● Exercise
Excluding pictures, retype the line with "Pathways and utilities" and each line that follows it to the end of the data below, word for word.

● Extracted records
..........

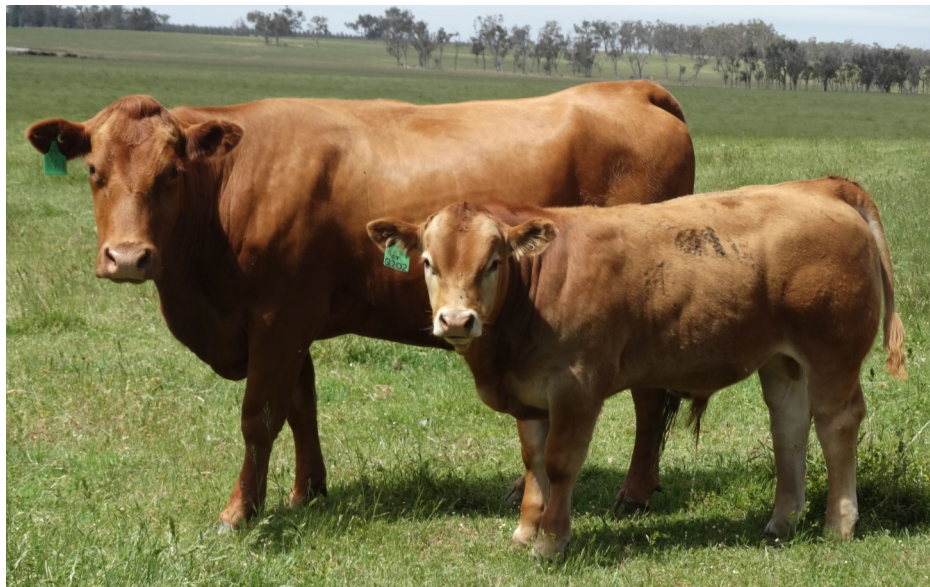
Lot 8 Summit Manny Q202 as a 5 month old calf.
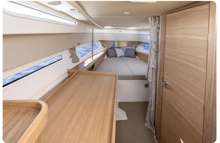
Nimbus Weekender 11 (T11) Interior 4
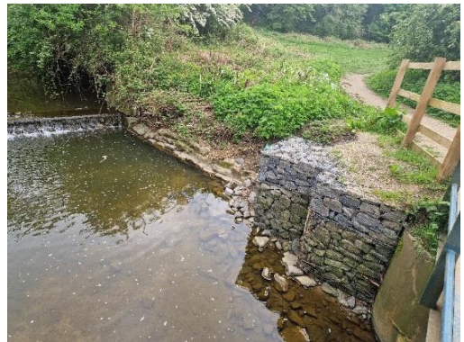
New seating provided / restoration of existing seating areas / revetment work for bridge
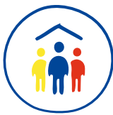
Return of Talent
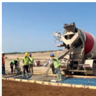
Pathways and utilities
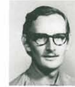
Joseph Johnson Transportation Emeryville

..........

● Task result
Pathways and utilities
Joseph Johnson Transportation Emeryville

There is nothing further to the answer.